### TASK BRIEF
Beginning at the line that contains "OLD PAWN Navajo", output each line exactly through the end of the records, and drop any pictures.

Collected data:
_ _ _

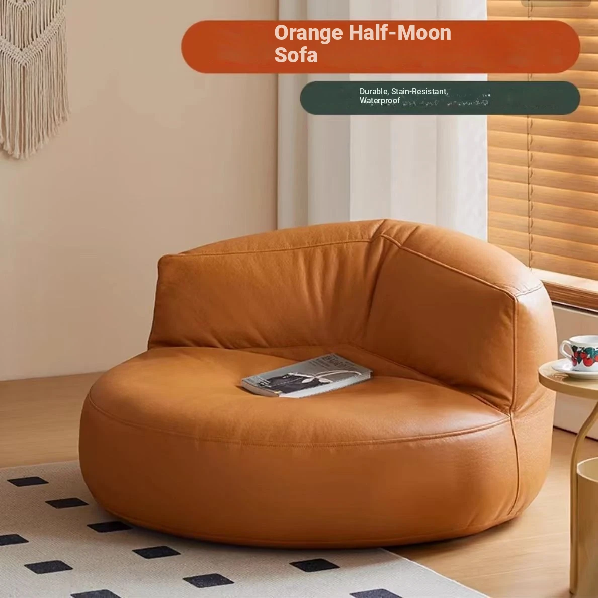 Orange [Environmental-Friendly Abrasion Resistant wash-free/three-proof technology cloth] Half Moon sofa a Plaid to take home
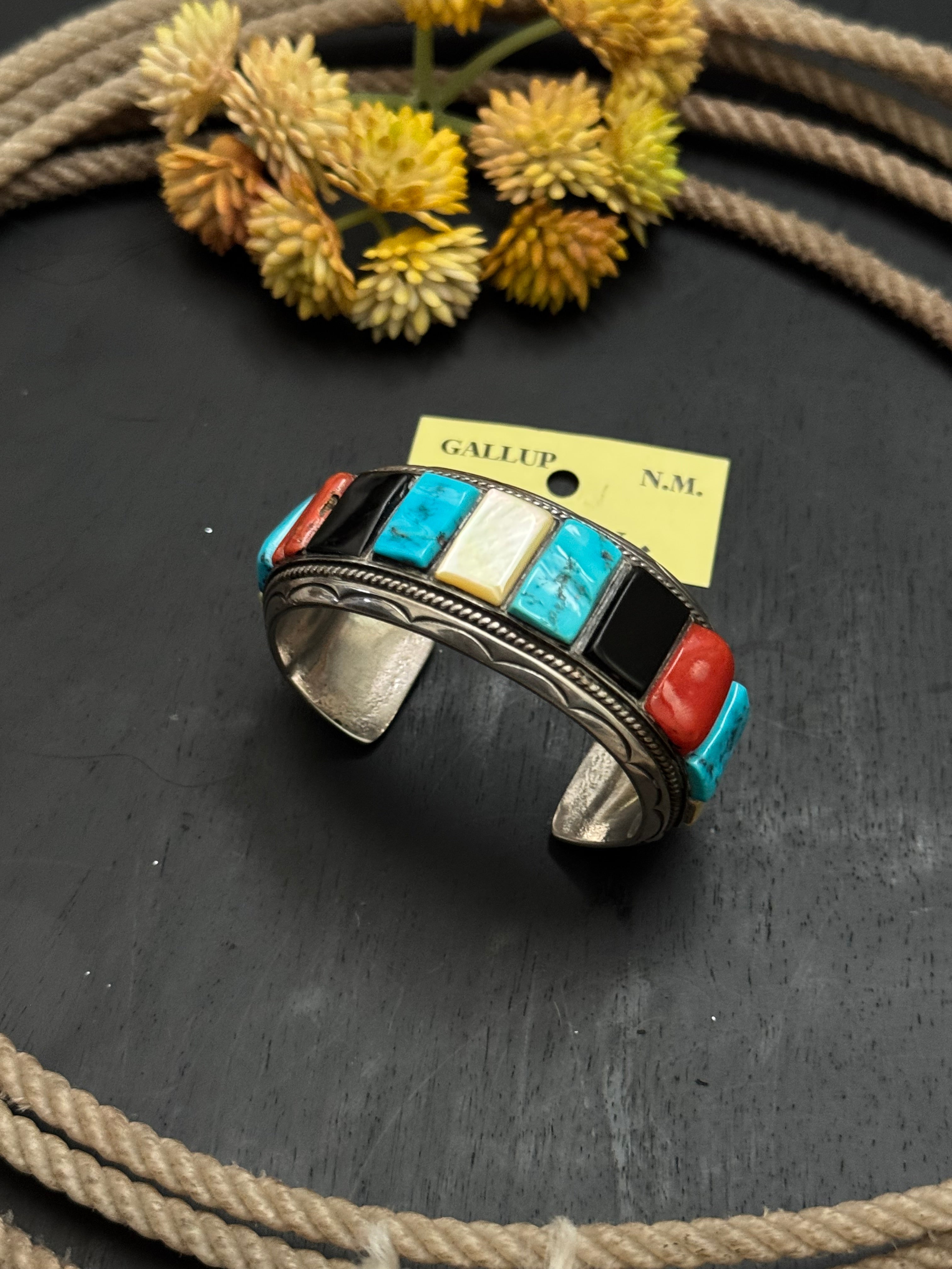 OLD PAWN Navajo Made Multi Stone & Sterling Silver Cuff Bracelet. It measures 7/8 of an inch wide with an inside circumference of 4 5/8 inches and a gap of 1 inch. Signed by the artist and stamped sterling silver.
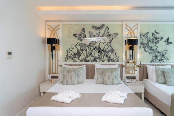 - Ultra All Inclusive: Reggeli, ebéd és vacsora büférendszerben, késői reggeli, napközbeni snackek, éjjeli mini büfé (22:30-07:00), kávé/tea/sütemények, gözleme, fagylalt és gofri bizonyos időpontokban, helyi és néhány import alkoholos és alkoholmentes ital a 24 órájában, minibár naponta vízzel, üdítőkkel és sörrel feltöltve, 4 a'la carte étterem (török, olasz, ázsiai, mexikói a tartózkodás során 1 alkalommal, előzetes asztalfoglalással).
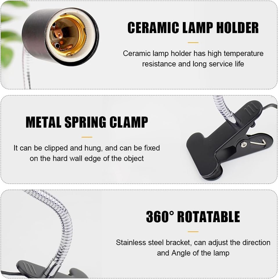 Umfangreiche Anwendungen: Standard-E27-Lampenfassung, passend für alle E27-Standardlampen; Die Reptilien-Wärmelampe eignet sich sehr gut für Reptilien und Amphibien, darunter Schildkröten, Eidechsen, Schlangen, Bartagamen, Frösche, Leguane, Schildkröten usw. Auch sehr gut für Katzen geeignet. An Wintertagen verwenden sie eine Schildkröten-Wärmelampe als Ersatz für die Sonne.
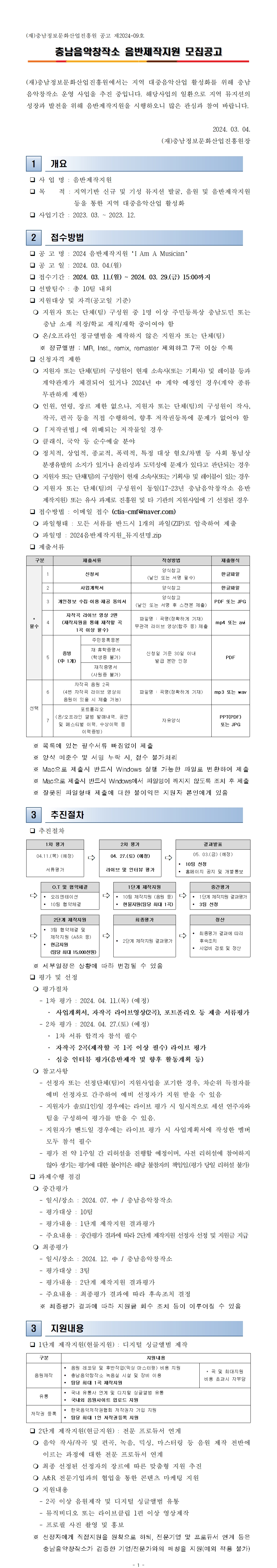[공고] 2024 충남음악창작소 음반제작지원 모집공고 작성자 : 관리자 등록일 : 2024-03-04 조회 : 6610 [공고문] 2024 충남음악창작소 음반제작지원 모집공고.pdf[붙임1] 신청서_2024 음반제작지원.hwp[붙임2] 사업계획서_2024 음반제작지원.hwp[붙임3] 참여인력 개인정보동의서_2024 음반제작지원.hwp[참고] 제출서류 작성안내.pdf
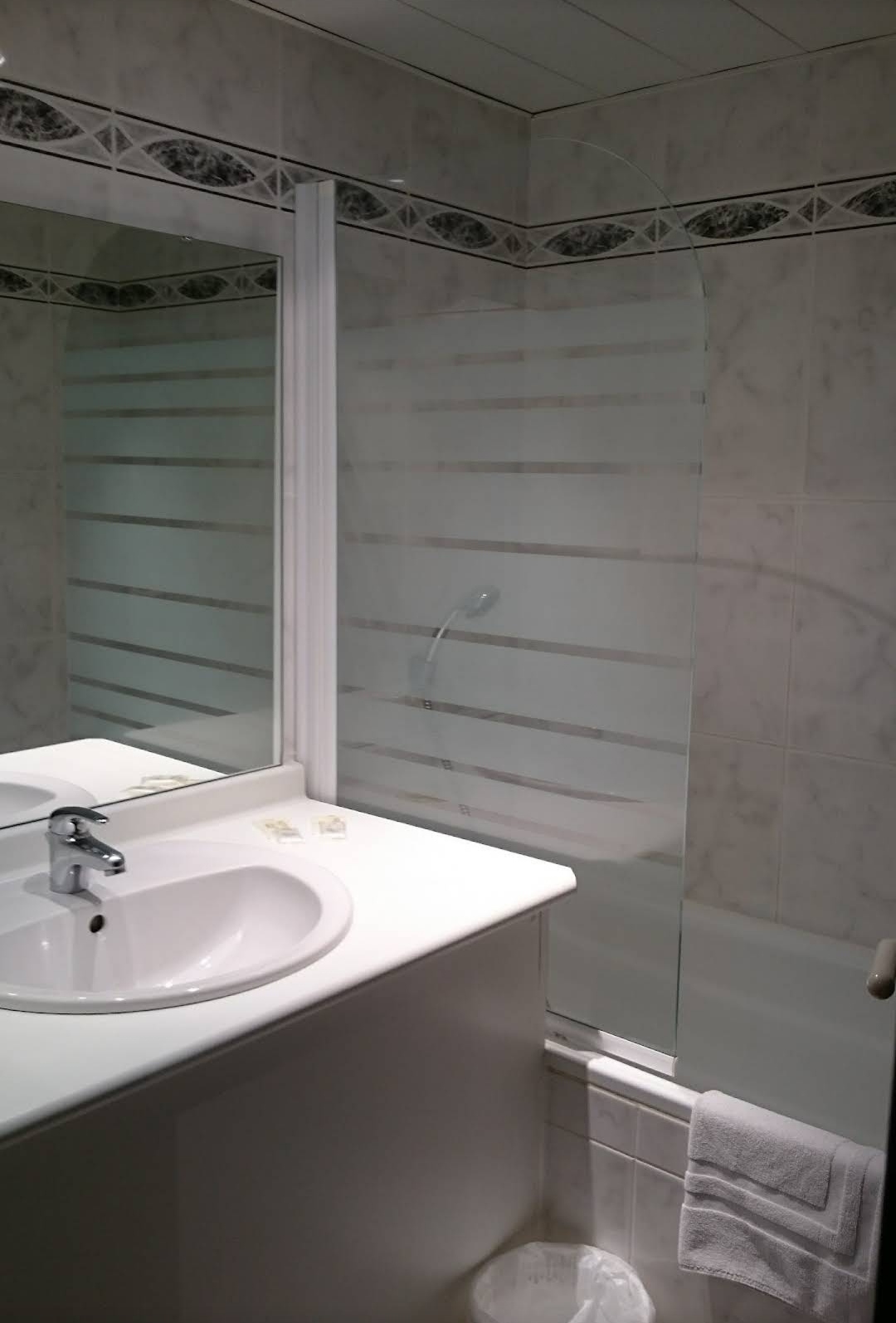 Accueil à l'arrivée au matin, très jovial et agréable. Ce qui n'a pas été de même l'après-midi : juste professionnel. Parking privé éloigné, non gardé, boueux. Impossibilité de venir dans la rue de l'hôtel à cause de travaux. La chambre et la salle de bains sont vétustes : le matelas est mou, pas du tout confortable. La salle de bain avec la baignoire sabot et le bidet date des années 70. Trois étoiles dans les années 70, qui ne mérite plus que 2 à notre époque. Une seule carte d'accès par chambre, ce qui fait que lorsque une personne sort de la chambre, il n'y a plus de lumière.

_ _ _

### SOLUTION TO THIS TASK
 OLD PAWN Navajo Made Multi Stone & Sterling Silver Cuff Bracelet. It measures 7/8 of an inch wide with an inside circumference of 4 5/8 inches and a gap of 1 inch. Signed by the artist and stamped sterling silver.
 - Ultra All Inclusive: Reggeli, ebéd és vacsora büférendszerben, késői reggeli, napközbeni snackek, éjjeli mini büfé (22:30-07:00), kávé/tea/sütemények, gözleme, fagylalt és gofri bizonyos időpontokban, helyi és néhány import alkoholos és alkoholmentes ital a 24 órájában, minibár naponta vízzel, üdítőkkel és sörrel feltöltve, 4 a'la carte étterem (török, olasz, ázsiai, mexikói a tartózkodás során 1 alkalommal, előzetes asztalfoglalással).
 Umfangreiche Anwendungen: Standard-E27-Lampenfassung, passend für alle E27-Standardlampen; Die Reptilien-Wärmelampe eignet sich sehr gut für Reptilien und Amphibien, darunter Schildkröten, Eidechsen, Schlangen, Bartagamen, Frösche, Leguane, Schildkröten usw. Auch sehr gut für Katzen geeignet. An Wintertagen verwenden sie eine Schildkröten-Wärmelampe als Ersatz für die Sonne.
[공고] 2024 충남음악창작소 음반제작지원 모집공고 작성자 : 관리자 등록일 : 2024-03-04 조회 : 6610 [공고문] 2024 충남음악창작소 음반제작지원 모집공고.pdf[붙임1] 신청서_2024 음반제작지원.hwp[붙임2] 사업계획서_2024 음반제작지원.hwp[붙임3] 참여인력 개인정보동의서_2024 음반제작지원.hwp[참고] 제출서류 작성안내.pdf
 Accueil à l'arrivée au matin, très jovial et agréable. Ce qui n'a pas été de même l'après-midi : juste professionnel. Parking privé éloigné, non gardé, boueux. Impossibilité de venir dans la rue de l'hôtel à cause de travaux. La chambre et la salle de bains sont vétustes : le matelas est mou, pas du tout confortable. La salle de bain avec la baignoire sabot et le bidet date des années 70. Trois étoiles dans les années 70, qui ne mérite plus que 2 à notre époque. Une seule carte d'accès par chambre, ce qui fait que lorsque une personne sort de la chambre, il n'y a plus de lumière.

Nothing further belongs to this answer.